Official opening of SBB Cargo International’s head office: Arrival in railway town Olten – with a loco naming.

Today SBB Cargo International inaugurated its new head office in Olten, marking the occasion by naming a locomotive after the town. The company, which has sites in Germany and Italy, operated more than 15,000 trains on the European north-south corridor in the first half of 2011. However, the weak euro is proving a challenge for SBB Cargo International.
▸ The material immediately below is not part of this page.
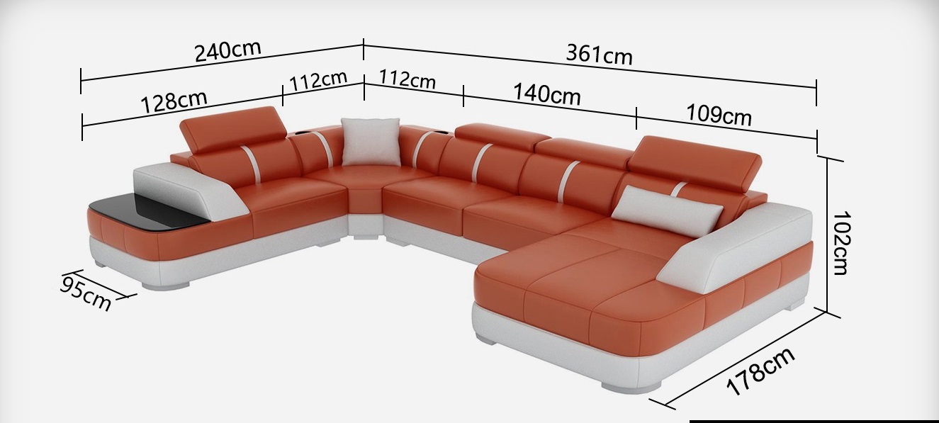 Erleben Sie Luxus und Komfort mit unserem Ledersofa Polster Sitz Eck Sofa Garnitur Wohnlandschaft! Dieses Ecksofa in U-Form bietet nicht nur eine elegante Optik, sondern auch eine praktische USB-Klickautomatik mit 3-fach Steckplatz. Mit Maßen von ca. 178 x 361 x 240 cm oder 240 x 361 x 178 cm und einer Höhe von ca. 102 cm bietet dieses Sofa genügend Platz zum Entspannen. Wählen Sie aus einer Vielzahl von Farben, darunter Zyan, Weinrot, Anthrazit und viele mehr. Das Premium Lederfaserstoffmaterial (70% Leder / 30% Polyester) sorgt für Langlebigkeit und Stil. Optional können Sie zwischen verschiedenen Materialgruppen wählen, wie Premium Echtleder oder Textilstoff. Personalisieren Sie Ihr Sofa mit zusätzlichen Optionen wie einer elektrischen Relax-Fußstütze, einem Becherhalter mit Kühlsystem, einem Soundsystem mit Bluetooth und USB, oder einer Unterbodenbeleuchtung mit Fernbedienung. Hergestellt aus italienischem Rindsleder und echtem Holzgestell mit Federkern garantiert dieses Sofa Qualität und Komfort. Gönnen Sie sich dieses exklusive Ledersofa und verwandeln Sie Ihr Wohnzimmer in eine stilvolle Wohlfühloase!

SBB Cargo International today officially inaugurated its head office in the traditional railway town of Olten by naming a class Re 482 locomotive that is suitable for international operations after the town. The loco’s "godparents" were Solothurn Cantonal Councillor Esther Gassler, Head of the Cantonal Department of Economic Affairs, and Olten's mayor, Ernst Zingg. The ceremony marked the completion of the company's setup process, which has been progressing in stages since its formal foundation at the beginning of the year. "I am delighted that we have been able to establish our headquarters here in Olten, and that in so doing we are continuing a Swiss railway tradition that has existed for more than a century," said Michail Stahlhut, CEO of SBB Cargo International, at the inauguration ceremony. He went on to say that Olten was ideally located and easy to reach for the 100 or so employees who commute to work from various regions.
International freight trains have been travelling under the SBB Cargo International banner since January. "Operations have got off to a good start, but we are still overcoming the usual teething troubles," stressed Michail Stahlhut to the media. In its first six months, SBB Cargo International operated over 15,000 trains. Motive power is provided by a locomotive fleet of around 100, half of which are multi-system vehicles designed for use on international routes.
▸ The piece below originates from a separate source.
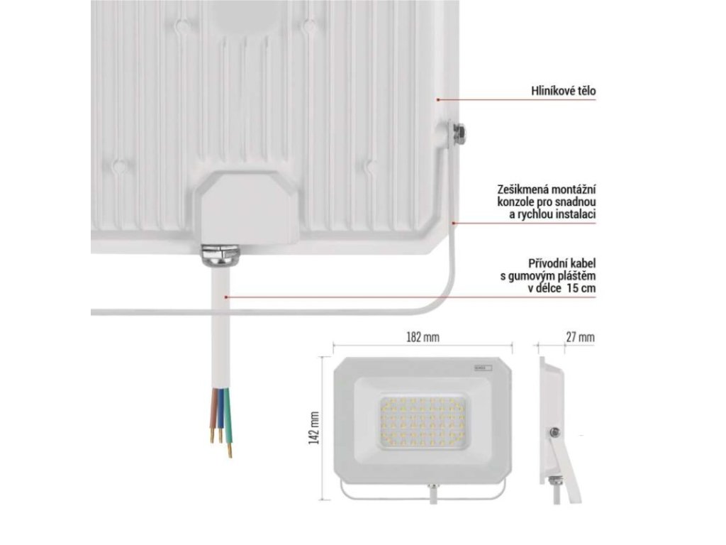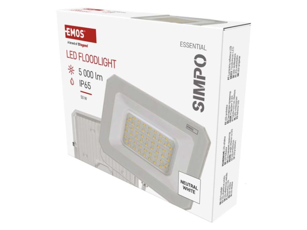 akumulátor: ne|barva: bílá|barva světla: neutrální bílá|délka přívodního kabelu: 20 cm|doba svícení na AKU: neuvádí se|dosah PIR senzoru: nemá PIR|energetická třída použitého světelného zdroje: –|flicker-free: ano|frekvence: 50/60 Hz|index podání barev (CRI): Ra > 80|kategorie: ESSENTIAL|krytí: IP65|materiál difuzoru: sklo|materiál přívodního kabelu: guma|materiál těla: hliník|napájení: ze sítě|napětí: 220–240 V~|PIR senzor: ne|počet průchozích zásuvek: neuvádí se|použití: povrchová montáž|příkon: 50 W|prodejní obal: 1 ks, krabice|proud: 215 mA|řada: SIMPO|rozměr: 182 × 142 × 27 mm|rozsah pracovní teploty: -20 °C až +40 °C|stmívání: ne|stupeň ochrany proti mechanickým nárazům: neuvádí se|světelná účinnost: 100 lm/W|světelný tok: 5 000 lm|teplota chromatičnosti: 4 000 K|typ přívodního kabelu: H05RN-F|typ průchozích zásuvek: neuvádí se|typ stmívání: –|účiník: > 0,9|úhel vyzařování: 120°|záruční doba: 2 roky|zdroj světla: LED|životnost: 15 000 hodin|zkušební žárovka součástí balení: neDoplňkové parametry

"Transport services are developing well, but the strong franc is making life difficult for us." Most of the company's revenue from its international freight services is in euros, but the cost of operating trains through Switzerland is mostly in francs. "The currency situation is having a strong negative impact on our financial development. We will therefore be unable to avoid price rises too. We have to assume that there will be a general rise in the price of rail transit shipments through Switzerland."
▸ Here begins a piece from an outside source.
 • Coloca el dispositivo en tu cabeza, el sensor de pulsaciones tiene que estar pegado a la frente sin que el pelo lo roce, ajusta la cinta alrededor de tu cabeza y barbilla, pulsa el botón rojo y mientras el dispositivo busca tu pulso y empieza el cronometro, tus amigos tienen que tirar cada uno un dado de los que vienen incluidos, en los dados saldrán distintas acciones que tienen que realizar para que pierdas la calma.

Step-by-step setup during continuing operations

The young company has been set up in stages since it was founded at the beginning of this year. Initially operations were managed from Basel, where SBB Cargo has its head office. To ensure operations continued to run smoothly, the move to Olten then took place in two stages. On 9 May, the first 45 employees moved into the company's new head office at Sälihof near Olten station. In July, they were followed by some 40 control centre employees, who control the more than 550 international trains operated by the company each week, as well as scheduling the necessary resources. SBB Cargo International also has its own production companies in Germany and Italy. In total, the SBB Cargo subsidiary employs around 600 people. This does not include the train drivers in Switzerland, who are still employed by SBB Cargo for the time being.

Most of SBB Cargo International's customers are intermodal transport operators. The company’s offering is geared to large customers who rely on lean and efficient rail haulage that offers Swiss precision on both intermodal and conventional block train services. Apart from operators, these include railfreight and other railway companies and companies with sufficient volume to fill entire trains, such as steel producers. SBB Cargo International also runs piggyback trains for RAlpin between Freiburg im Breisgau, Germany, and Novara, Italy (via Lötschberg), and between the Swiss port of Basel Kleinhünigen and Lugano Vedeggio (via Gotthard).